What I bring are treats, not sustenance. Each fox squirrel needs about two pounds of nuts every week to keep running and leaping all winter long. It’s a high-energy lifestyle they lead, regardless of the season, and they do count its cost. They have an investment plan, a plan that’s all about food.
The squirrel pack quickly consumes my offerings. Then the bold male hops through the snow, stops abruptly, and plunges groundward, waving the flag of his tail. When he pops up, his mouth is bulged wide with an acorn. He knew it was there. He knew it was a red oak acorn, a rich energy gem. He buried it himself after a fall day’s feeding spree.
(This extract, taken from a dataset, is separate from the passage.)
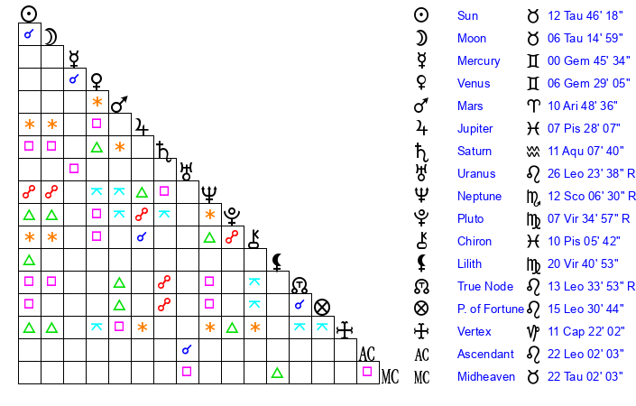 Moon | 6 Taurus 19 | 3 Leo 9 | 26 Leo 16 |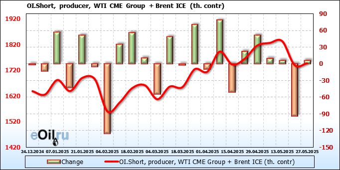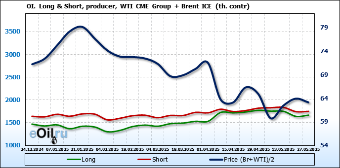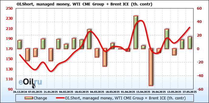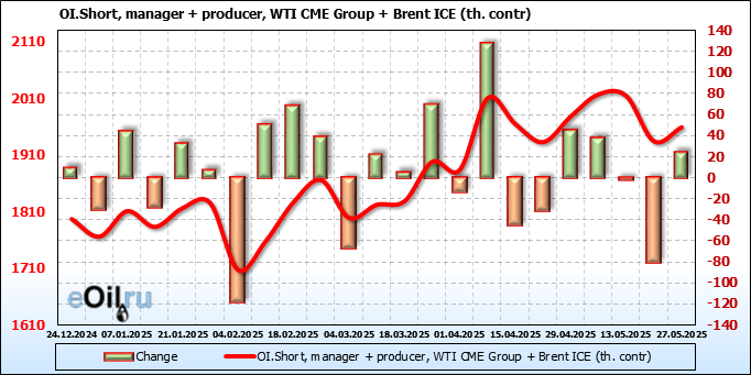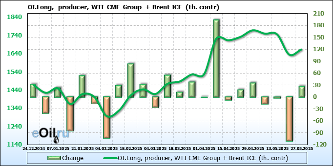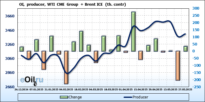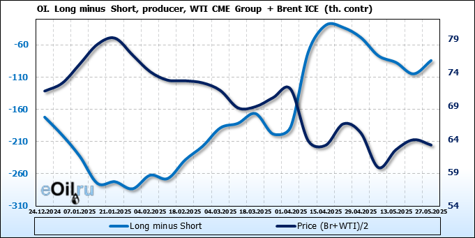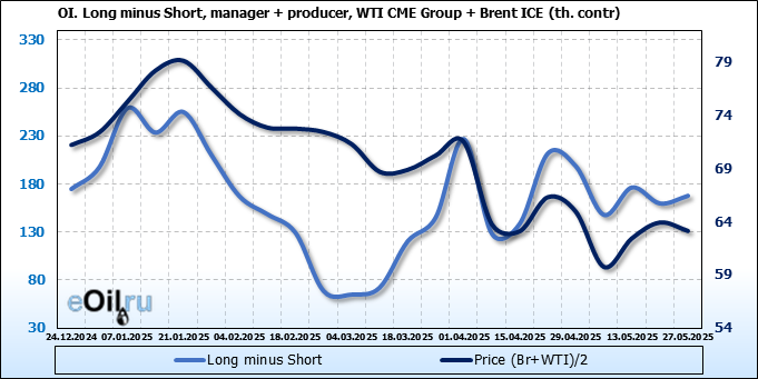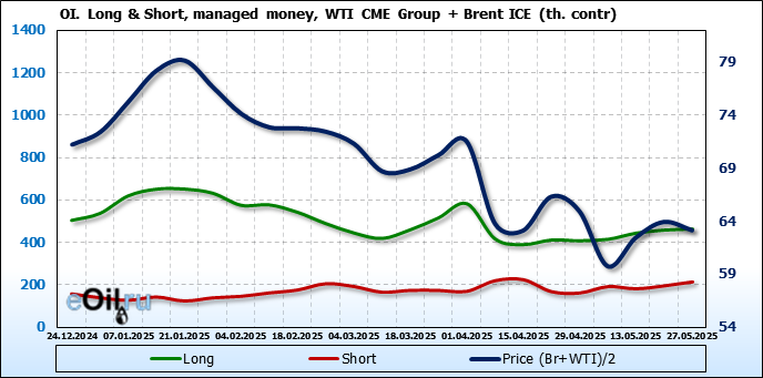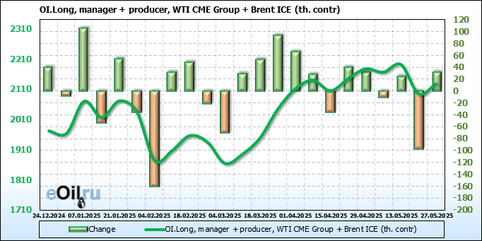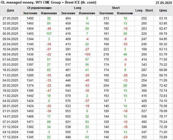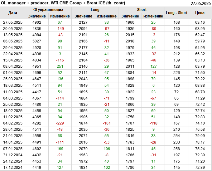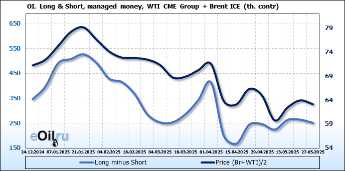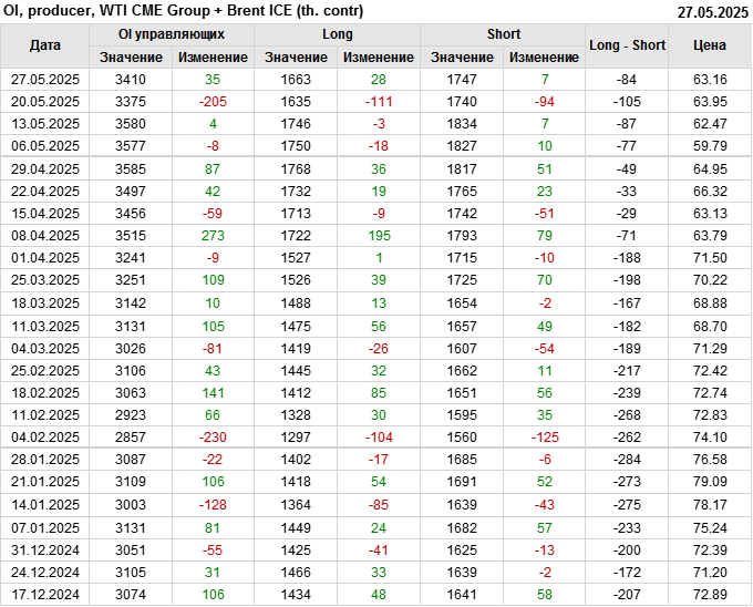 За прошедшую неделю, 21.05.25 — 27.05.25, разница между длинными и короткими позициями управляющих сократилась на 12.9 тыс. контрактов. В тоже время, цена упала на 0.79 доллара.

Perched in the hickory and oak trees, he and his companions would speed eat—dropping nuts only partially consumed—working to add as much fat as possible, and as quickly as possible, in order to spend time on their main investment strategy. Glutted, the squirrels ran to the ground and scattered, burying nuts hauled from the trees. Each squirrel burying one nut at a time, time after time—it seemed a huge spill of energy. But it would have cost them more energy still—and been futile—to fend off the deer, turkeys, and raccoons that also crave the fat-dense nutmeats. Instead, the squirrels hid them, to keep for themselves the food that fuels their winter liveliness.
Not white oak acorns, though. Most of these they ate on the spot. Whites, they know, sprout within days, rendering them useless as food. But red oak acorns they wisely—and shrewdly—buried. Less tasty, yes, but reds stay unsprouted in the cold ground. Plus, they deliver a more powerful dose of energy, badly needed in the bleakest cold. These the squirrels took greater pains to protect, hiding them farther from the tree so thieves will be less likely to uncover them.
Including thieves of their own kind, always nearby and watching. Thus, my favorite male employed a bag of nut-burying tricks. He would dig a decoy hole—or two, or more—before depositing a nut. Or after. He came back later and reburied nuts in new places. Some of his stashes will be found, even under a carpet of snow, by the keen noses of his neighbors. And he will find some of theirs. Those are bonuses. What he depends on to survive the barren season is the power of memory.
I imagine him curled in his nest, a wind-tight ark of leaves and twigs high in the tree, each night consulting the map in his memory. On it is impressed not only the location of each nut, but also its kind. Which of the thousand shall he retrieve tomorrow, which shall he save for a colder day? Winter relentlessly tests the spirited life he leads. He does his utmost to answer, remembering one small buried treasure after another.